## Sequential SVD computation for Big Data using MAGMA

Open discussion for MAGMA library (Matrix Algebra on GPU and Multicore Architectures)
Boxed Cylon
Posts: 36
Joined: Sat Nov 21, 2009 6:03 pm

### Sequential SVD computation for Big Data using MAGMA

I've been away from this forum for a while! I have a new 1080 ti and am contemplating putting it through its paces by computing a large SVD calculation. So large, it is likely to need a sequential strategy, if possible. I noted the recent paper "Out of Memory SVD Solver for Big Data" (Sept. 2017) on the icl.cs.utk.edu website.

My question is what is the present situation with a practical implementation on a device such as what I have? The platform is an i7 6850K (6 core) with 32 GB RAM. The matrices I have in mind to compute the eigenvectors/values of are 10MX10M, say (speaking ambitiously) and they are a covariance, hence they are real, square, single precision and have mirror upper and lower values. I really would just need a small subset of eigenvectors (1000?) - those with the larges eigenvalues (I might perhaps start with smaller, more modest, matrices in getting started...)

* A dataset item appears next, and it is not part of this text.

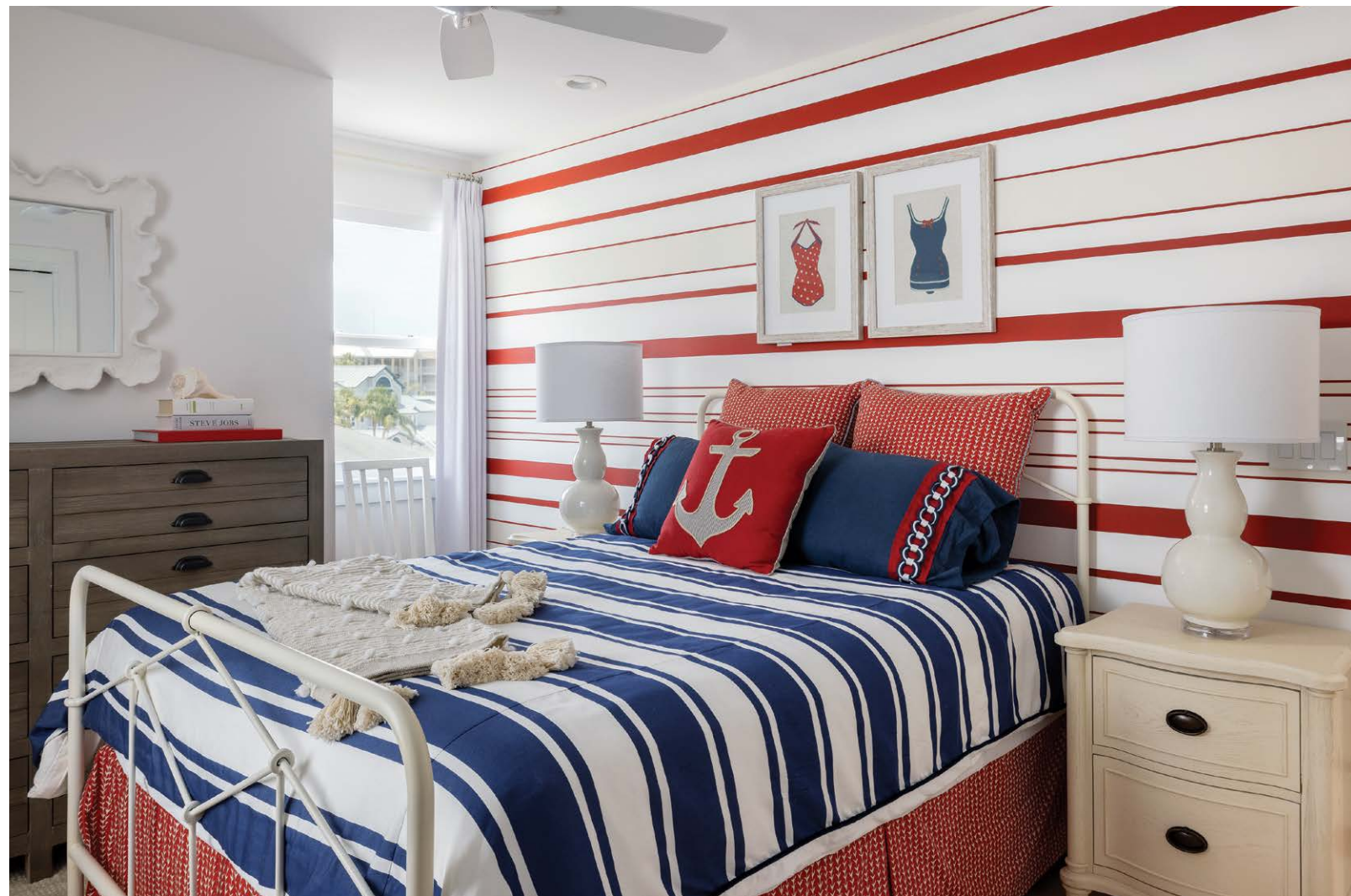
ABOVE: Nautical red, white, and blue details in a guest bedroom nod to the home's beach address. BELOW: A black-and-white palette denotes casual elegance in the primary bathroom.

Any comments/suggestions on how to get started in computing such a problem? Perhaps not yet possible?

Thx,
B-C

haidar
Posts: 22
Joined: Fri Sep 19, 2014 3:43 pm

### Re: Sequential SVD computation for Big Data using MAGMA

Dear B-C,
The paper you refer to is a experimental code for CPU multicore, it does not use GPU.
your matrix is square, you might look at this paper
The paper include formula to calculate the expected time for a calculation, so you can first plug your number and get how many hours/days
an out of memory SVD will cost you and if the number is reasonable then we can work together to let you use the experimental code.

Azzam

Boxed Cylon
Posts: 36
Joined: Sat Nov 21, 2009 6:03 pm

### Re: Sequential SVD computation for Big Data using MAGMA

Thanks for the reply and offer - I've been thinking about it.

I had reached the same conclusion - that is, computations of an SVD in parallel is still an active area of research, computation in a sequential fashion is even more towards research, and implementing these on a GPU is even further out there.

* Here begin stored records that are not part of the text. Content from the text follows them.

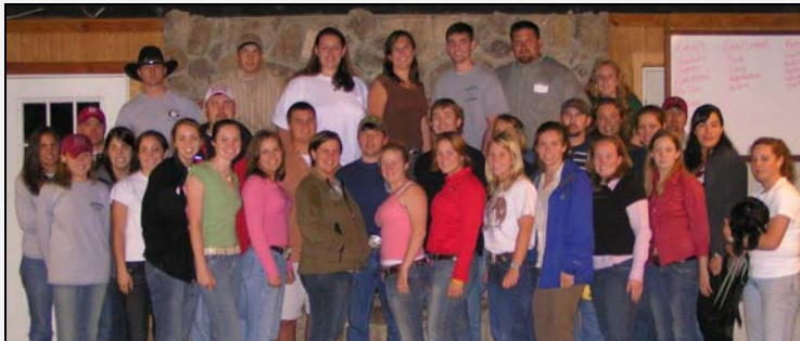
2005 B&B Club Members At The Pit

The 2004-05 academic year proved to be another busy one for the eighty members of the UGA Block and Bridle Club. The Club continues to meet at "The Pit" for social events and conducts a number of service projects in the greater Northeast Georgia community.
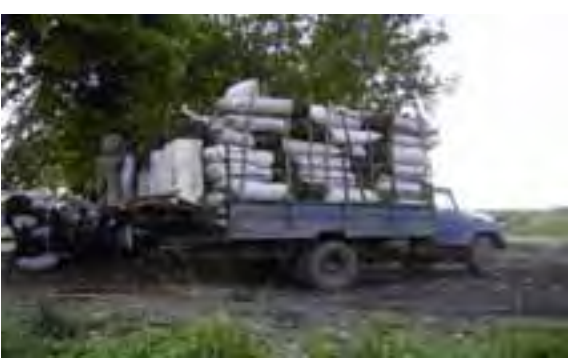
Photo 1 : Transportation of charcoal to Kinshasa (DRC)

The increase in the demand for wood energy in cities has exacerbated the pressure on forest resources in the region. This is of particular concern in view of the lack of incentives for the restoration or sustainable management of these resources. However, it ensures the livelihood of a large number of households. It was estimated that the total value of the wood energy market was worth 143 million dollars in 2010 (Schure J. et al., 2011), 3.1 times the value of national roundwood exports of 46 million dollars in 2010 (FAO, 2011). Over 300,000 people are involved in this informal sector (Schure J. et al., 2011), representing 20 times the number of persons (i.e. 15,000) working in the formal forest sector in the country (Eba'a Atyi R. and Bayol N., 2009). Most cashgenerating opportunities exist at the level of production (the share of income generated varies from 47% for fuelwood harvesters to 75% for charcoal producers). Wood energy related incomes largely complete the average income of households. These incomes generated by wood energy contribute to their basic needs and provide households with an investment capital (mainly in agriculture and, to a lesser extent, in small-scale activities such as cattle rearing and fishing). Urban households rely heavily on woodfuel (87% in Kinshasa). businesses such as Many bakeries, breweries, restaurants, and brick and aluminum factories also rely on wood energy for their daily operations.
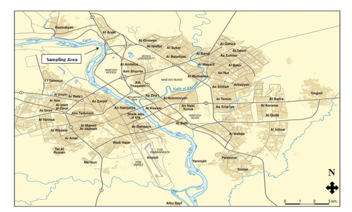
Figure 1. A map of mosul city showing the location of sample collection at the right coast.

In order to achieve the objectives of the study, samples were collected from a part of the Tigris River within the city of Mosul, which were distinguished by the abundance of aquatic plants growing there, as shown in Figure 1, where five species belonging to the genus Potamogeton were collected. They are: Potamogeton crispus , P. perfoliatus , P. pectinatus , P. nodosus and P. pusillus
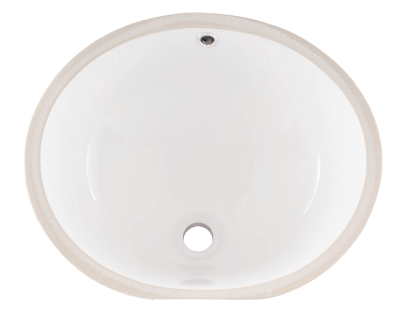
SIN-POR-UNDOVLWHT-1714 Outside - 19 <sup>1</sup>/<sub>2</sub>"X16" Inside - 17 <sup>1</sup>/<sub>2</sub>"X14 <sup>3</sup>/<sub>8</sub>" Depth - 8 <sup>1</sup>/<sub>8</sub>"
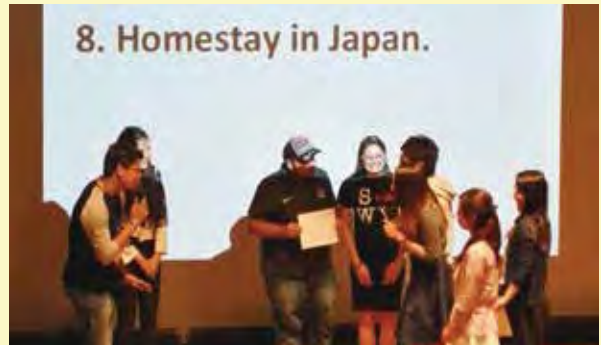
Participating youth play skits to demonstrate their culture shocks at the last seminar.
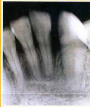
After Perio Protect® treatment
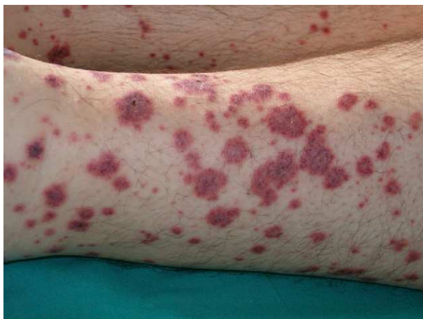
Figure 17 Leukocytoclastic vasculitis (palpable purpura).

tological malignancy, while the remaining 20% or so have a solid tumor or a tumor of unknown origin. Some tumors are more common in patients with certain subtypes of vasculitis. For example, solid tumors are more frequently associated with Henoch-Schönlein purpura temporal arteritis, while lymphoma and leukemia are more frequently associated with leukocytoclastic cutaneous vasculitis and polyarteritis nodosa. The clinical presentation is heterogeneous, with palpable purpura, papules, nodules, urticaria, necrosis, and ulceration (Fig. 17). 2,5

I've fussed with my own situation, and I find my new 1080 ti can compute an SVD of a 25000X25000 matrix in a few minutes. That's about the maximum size (perhaps a little bigger, 30000X30000 crashes). 25000X25000 single precision is 2.5 GB of memory. My particular problem involves ocean modeling, and I can perhaps just barely get by with state vector sizes 25000 - it means greatly reducing the spatial resolution I can use.

Your offer is interesting, but... I see it is serious ( c.f., http://www.netlib.org/utk/people/JackDo ... papers.htm ; I took a look at the paper you mentioned.)...I doubt I could keep up with you, even if I had the time to devote to the problem. My knowledge of coding in C amounts to a primitive "monkey see, monkey do". The above SVD was computed using an older matlab SVD/gpu. What I want to do next is write a mex file to use the more recent MAGMA SVD, which I am sure I can do. Technically, I would only have to compute the SVD once, assuming I get the right answer (there is only one ocean), so that if a larger vector would take longer to compute (days, a week), it would not bother me. From the numbers in the paper, an SVD of a 1MX1M matrix would actually seem manageable in computation time, with patience.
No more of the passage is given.